Cerebral autosomal dominant arteriopathy subcortical infarcts and leukoencephalopathy (CADASIL) is an as-yet-untreatable inherited neurodegenerative disorder typified by early-onset lacunar strokes, subcortical dementia, psychiatric disturbances, and migraine.1 The pathology is a nonarteriosclerotic nonamyloid angiopathy affecting capillaries and small arteries, with brain arterioles most severely affected and skin, nerve, and muscle also involved. Characteristic features are degeneration of arterial vascular smooth muscle cells (VSMCs), with accumulation of granular osmiophilic material (GOM) related to Notch3 extracellular domain (ECD) immunoreactivity,2 endothelial cell thinning, and basal lamina irregularities.1 Notch3 gene mutations are responsible and may occur at multiple sites.3
Signaling by Notch3 family receptors influences vascular, neural, and hemopoietic cell differentiation, growth, and apoptosis.4,5 The Notch3 ECD contains multiple epidermal growth factor–like repeats, each with 3 pairs of cysteine residues. Notch3 is expressed largely in membranes of VSMCs in adult mammalian arteries, capillaries, and veins within cerebral and systemic vasculature.6 DSL (Delta, Serrate, LAG2) ligand binding physiologically activates Notch3 receptors, leading to proteolytic cleavage of the Notch3 internal component, a nuclear activation domain, which binds to the transcription factor RBP-Jk/CpBF. Factors regulating Notch3 pathways include angiotensin II.4
CADASIL-causing Notch3 mutations described so far result in an unpaired cysteine residue. Effects of these mutations include abnormal Notch3 receptor trafficking7 or accumulation6 or shedding of mutant Notch3 receptor ECDs and disrupted Notch3 signaling.2 Increased ligand clearance by mutant Notch3 ECDs could reduce availability of these ligands to other normal receptors, reducing normal pathway activation.8
Human Notch3 carrying an archetypal Arg90Cys mutation has been expressed in VSMCs in transgenic mice,9 which develop 2 hallmarks of the CADASIL angiopathy, GOM deposits and Notch3 accumulation, within cerebral and peripheral arteries. They show disrupted anchorage of VSMCs to adjacent extracellular matrix and cells and early signs of VSMC degeneration, which precedes accumulation of Notch3 and GOM.9
Notch3 is constitutively expressed in smooth muscle in peripheral arteries,4 and nocturnal dipping of blood pressure is blunted in subjects with CADASIL.10 We therefore assessed vasoconstrictor function in systemic small arteries from CADASIL patients compared with control subjects well matched for cardiovascular risk factors.
Subjects and Methods
Subjects were recruited from a national CADASIL clinical service and were excluded if they had had stroke-like events in the 3 previous months. Control subjects were healthy volunteers from the community or hospital matched for age, sex, and blood pressure. Exclusion criteria for control subjects included previous cerebrovascular or cardiovascular events. Twelve CADASIL patients and 12 healthy volunteers were recruited. In 2 patients and 2 control subjects, insufficient material was obtained for vascular studies. Therefore, 10 CADASIL patients and 10 control subjects were studied. This study conformed to the principles outlined in Declaration of Helsinki11 and was approved by the local Hospital Research Ethics Committee. Written informed consent was obtained.

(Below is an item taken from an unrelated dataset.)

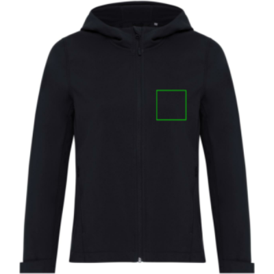 Naiste keskmise istuvusega softshell jakk, mis on valmistatud taaskasutatud polüestrist, 300 G/M² 3-kihilise kangaga, mille sees on kasutatud taaskasutatud TPU membraani ja pehmet mikrofliisi. Jopel on ees ümberpööratud tõmblukk ja küljepaneeli õmblustes lukuga taskud. Sellel on reguleeritav kapuuts, mille sisemised korgid on parema kaitse tagamiseks. Varrukate mansetid on reguleeritavad takjakinnitusega. Läbimõeldud lisatõmbluku tõmbaja ja puhas siseviimistlus taaskasutatud köitega. Jope on vetthülgav BIONIC-FINISH® ECO-ga (kangas on taaskasutatud TPU membraaniga kuni 5000mm veekindel). Tuulekindel ja hingav kuni 3000g/m2/24h. Ehtsate ringlussevõetud materjalide kasutamine ja keskkonnamõju väited on garanteeritud, kasutades AWARE™ häirivat füüsilist jälgimisseadet ja plokiahela tehnoloogiat. QR-koodi skannides saate juurdepääsu spetsiaalsele digitaalsele passile. 2% iga müüdud toote tulust annetatakse veebisaidile Water.org. Sellel tootel on OEKO-TEX® STANDARD 100 sertifikaat. Saadaval ka meestele sobivad.

Diagnosis and Assessment of CADASIL
The Expanded Disability Status Scale (EDSS) and lesion load on MRI scan were used to assess disease severity of CADASIL. The EDSS is used routinely to assess disability from multiple sclerosis, another neurological disease in which disability results primarily from damage to white matter structures. On this scale, a score of 0 means the absence of symptoms or signs of disease and 10 is death as a result of disease.12 Lesion load was determined quantitatively from digitized axial T2-weighted MRI scans with in-house software (T.R. Barrick, St George’s Hospital Medical School). Hyperintense lesions, brain circumference, and lateral ventricles for all supra-tentorial slices were identified and circumscribed with image analysis software (Dispunc, D.L. Plummer, University College London). Brain parenchymal area was calculated from the difference between brain circumferential and lateral ventricle areas; total lesion load was expressed as percentage of brain parenchyma.

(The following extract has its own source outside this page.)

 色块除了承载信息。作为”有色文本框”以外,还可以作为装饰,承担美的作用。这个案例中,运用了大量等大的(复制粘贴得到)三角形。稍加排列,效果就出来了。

Smoking history, height, and weight were recorded. Sitting blood pressure and pulse were measured with an Omron automated sphygmomanometer.13 Subjects were classified as hypertensive if they had a history of hypertension, were on treatment for high blood pressure, or had a blood pressure >140/85 mm Hg on the study day. Random serum cholesterol, homocysteine, and blood glucose were measured with standard methods. Fasting glucose was checked. Diabetes was defined as fasting glucose >6.0 mmol/L or history of diabetes. Hypercholesterolemia was defined as random serum level >5.6 mmol/L based on the reference range of our biochemistry laboratory.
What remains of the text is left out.